=== Work instruction ===
Pictures aside, repeat all the entries below exactly as they appear.

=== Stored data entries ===
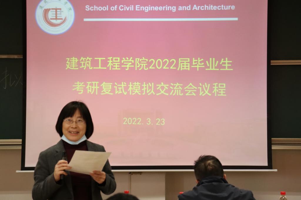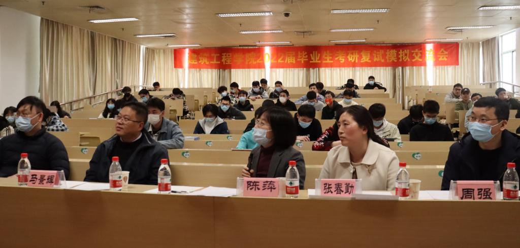 在2N219举办了2022届毕业生考研复试模拟交流会。担任复试模拟会评委老师的有土木工程系专任教师陈萍、建环系专任教师马景辉、工程管理系专任教师张春勤、建筑系专任教师周强、风景园林系专任教师胡立辉,成人影视
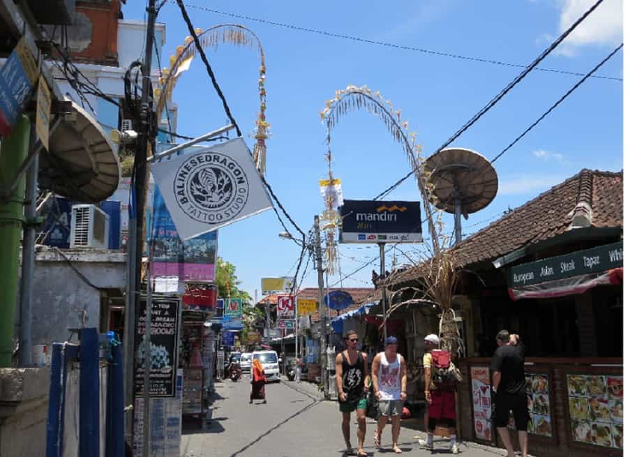 Kuta: Es el centro del carrete australiano, uno de los epicentros surfistas de la isla, las entradas a las playas tienen puertas plagas de símbolos hindúes. La isla tiene una humedad importante en la que con tormentas eléctricas el calor sigue siendo difícil de lidiar. Kuta es para fiestas y para playa. Entre US$5 a US$10 hay una cantidad inimaginable de hostales y dorms, principalmente por las calles Poppies Gang y Legian. Recomendable el Gora Inn.
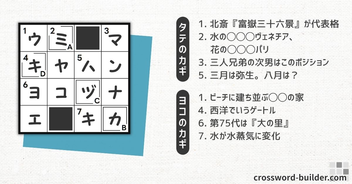 - 転載する際は、出典元「クロスワードビルダー.com ( https://crossword-builder.com/ )」の明記をお願いいたします。
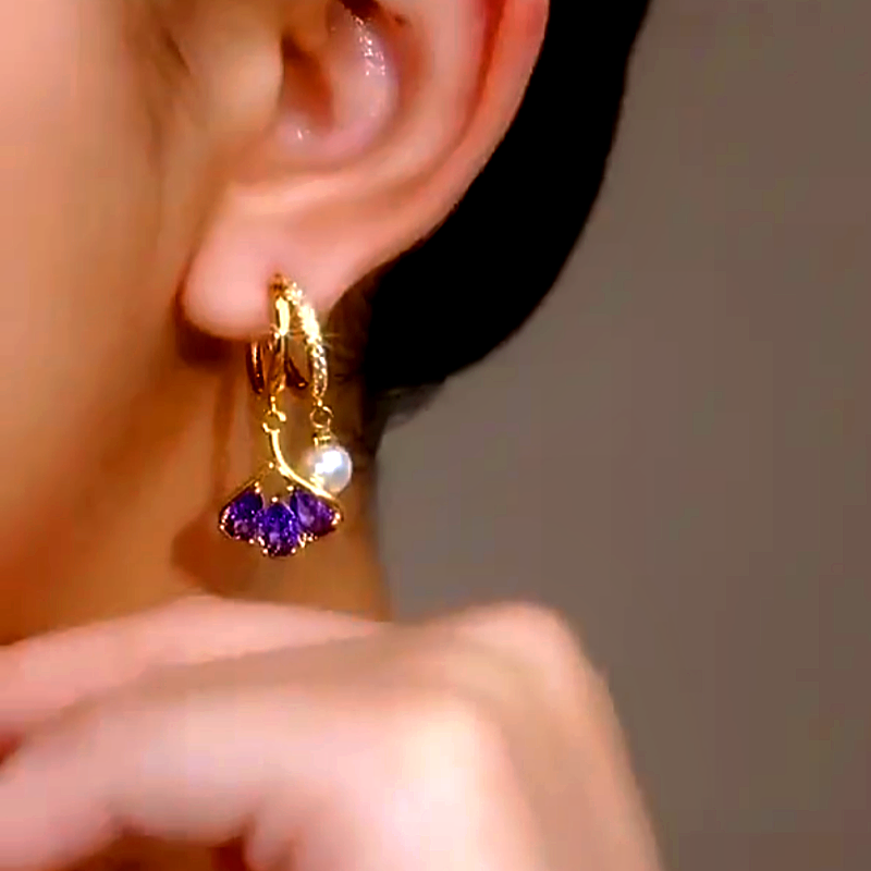 14K Gold-Plated Elegant Purple Leaf Pear Earrings
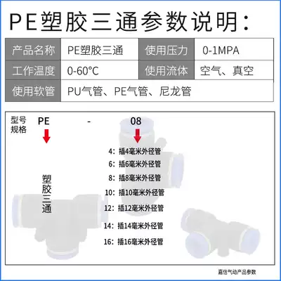 Plastic T-type tee PE4 plastic T-type tee PE6 plastic T-type tee PE8 plastic T-type tee PE10 plastic T-type tee PE12 plastic T-type tee PE14 plastic T
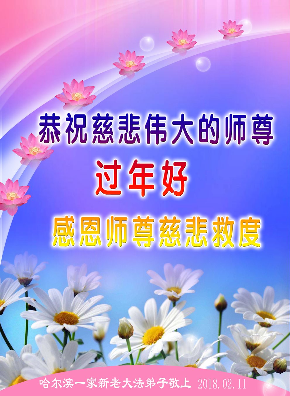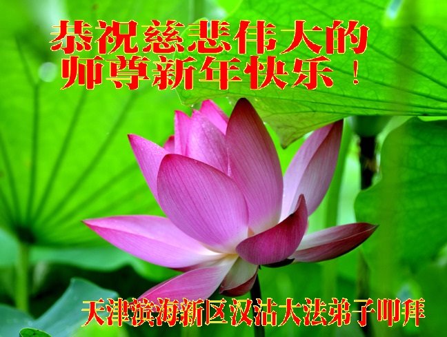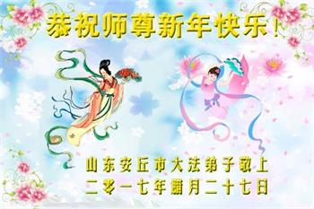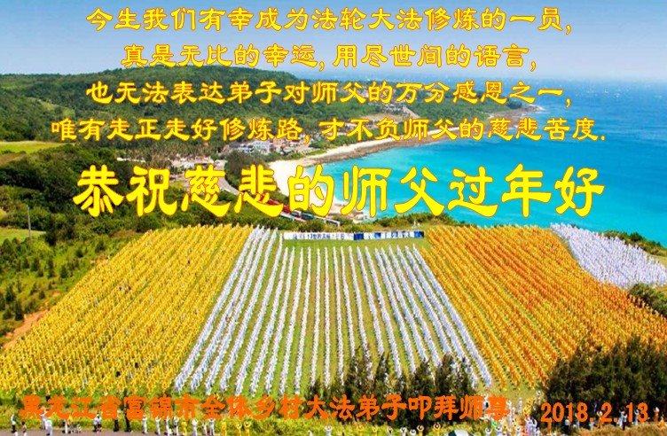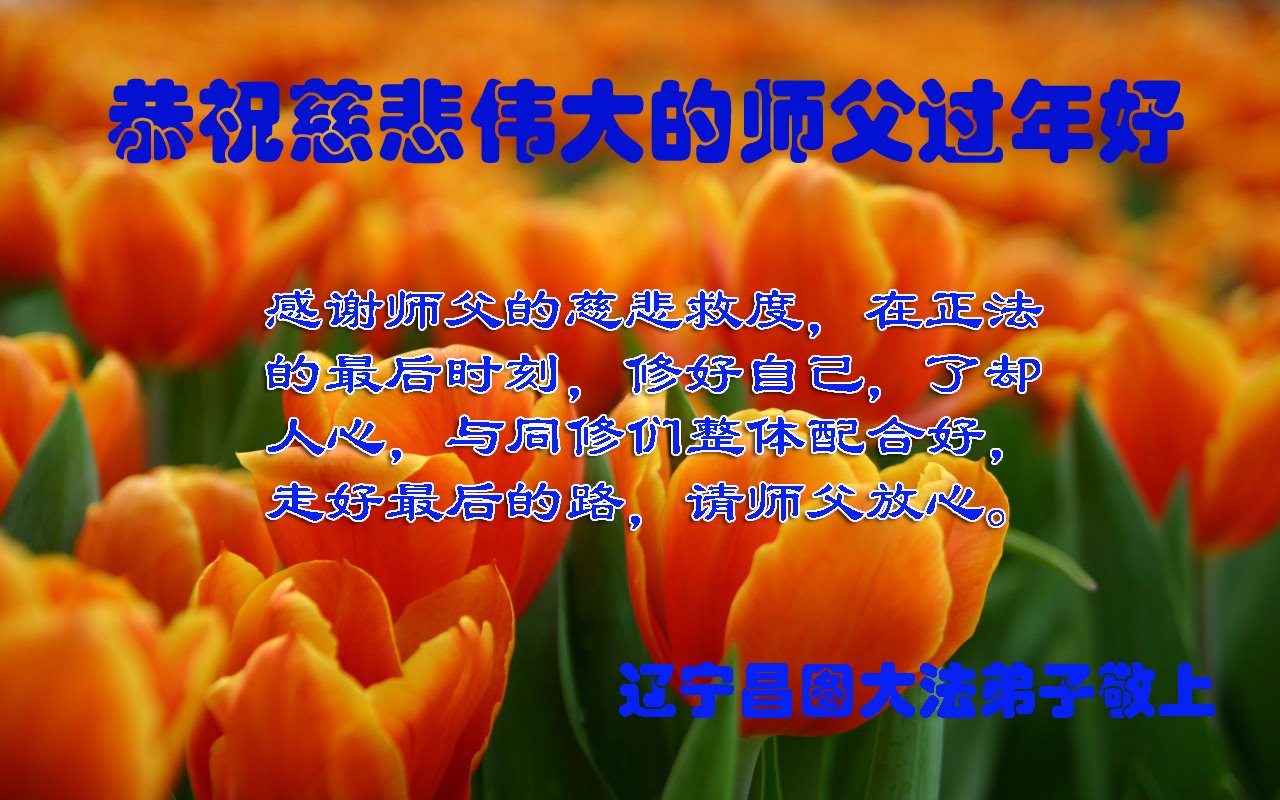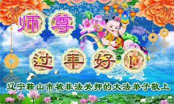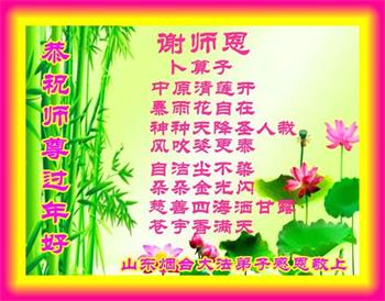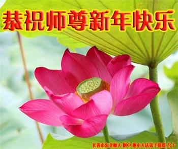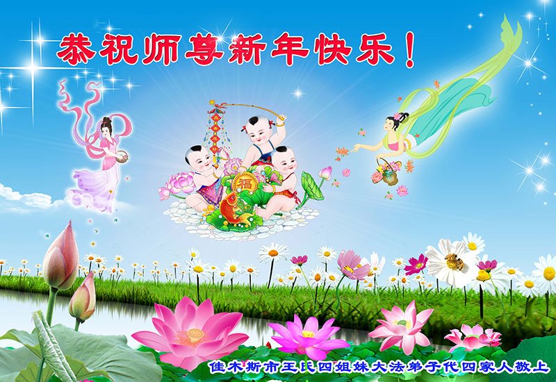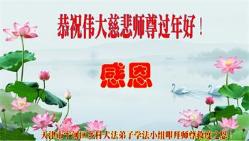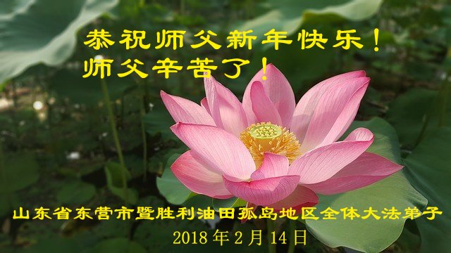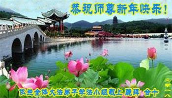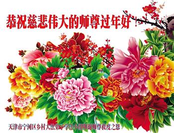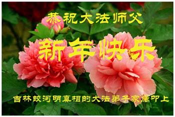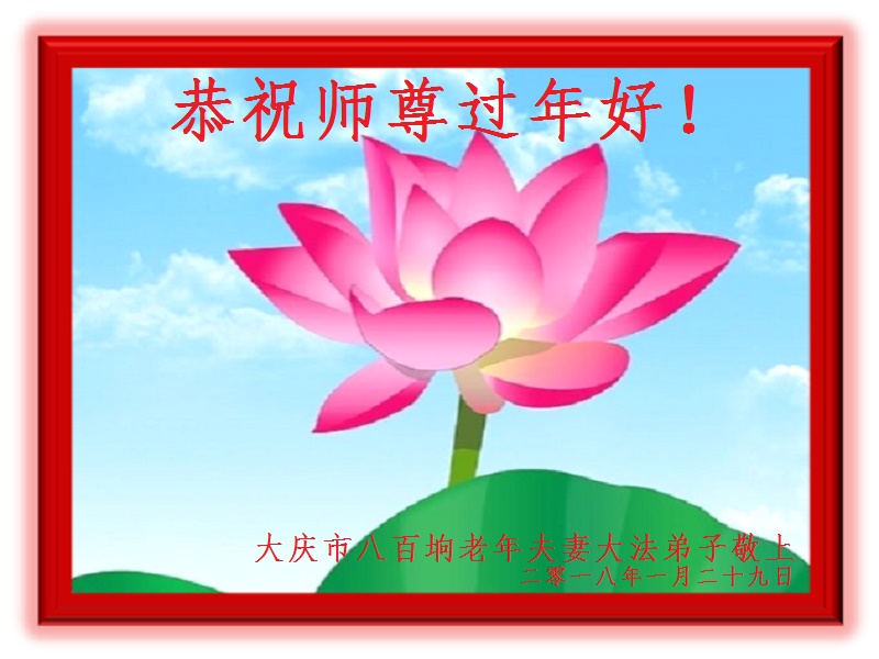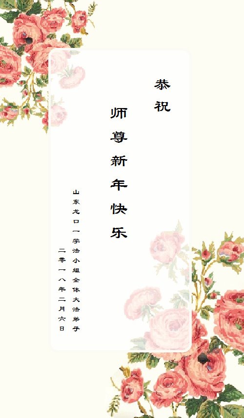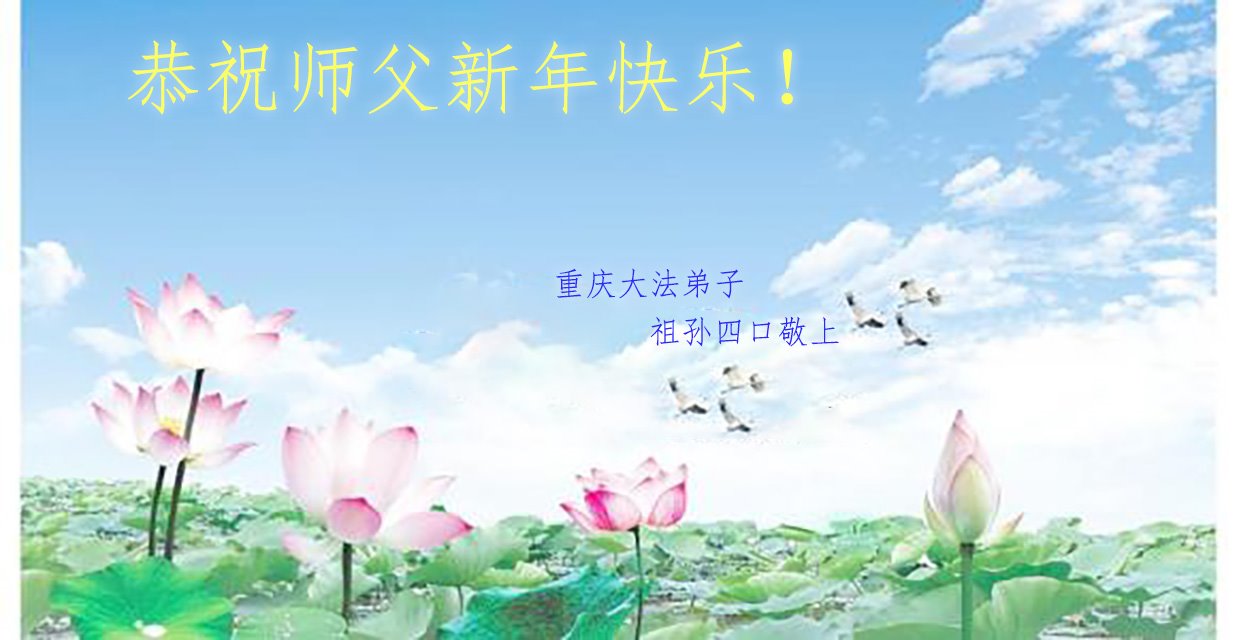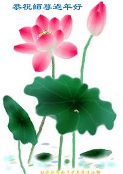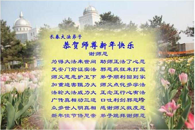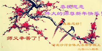 慈悲伟大的师父好!在这天地更新、万物复苏的时候,我们青岛东部的一资料点的全体老少大法弟子及家人给您拜年!恭祝师父新年快乐!借此,我们把满怀对慈悲伟大的师父的思念和感恩之心凝成一句话:学好法,修好心,不懈怠,多救人,路走正,报师恩,证实法!

=== Problem solution ===
 在2N219举办了2022届毕业生考研复试模拟交流会。担任复试模拟会评委老师的有土木工程系专任教师陈萍、建环系专任教师马景辉、工程管理系专任教师张春勤、建筑系专任教师周强、风景园林系专任教师胡立辉,成人影视
 Kuta: Es el centro del carrete australiano, uno de los epicentros surfistas de la isla, las entradas a las playas tienen puertas plagas de símbolos hindúes. La isla tiene una humedad importante en la que con tormentas eléctricas el calor sigue siendo difícil de lidiar. Kuta es para fiestas y para playa. Entre US$5 a US$10 hay una cantidad inimaginable de hostales y dorms, principalmente por las calles Poppies Gang y Legian. Recomendable el Gora Inn.
 - 転載する際は、出典元「クロスワードビルダー.com ( https://crossword-builder.com/ )」の明記をお願いいたします。
 14K Gold-Plated Elegant Purple Leaf Pear Earrings
 Plastic T-type tee PE4 plastic T-type tee PE6 plastic T-type tee PE8 plastic T-type tee PE10 plastic T-type tee PE12 plastic T-type tee PE14 plastic T
 慈悲伟大的师父好!在这天地更新、万物复苏的时候,我们青岛东部的一资料点的全体老少大法弟子及家人给您拜年!恭祝师父新年快乐!借此,我们把满怀对慈悲伟大的师父的思念和感恩之心凝成一句话:学好法,修好心,不懈怠,多救人,路走正,报师恩,证实法!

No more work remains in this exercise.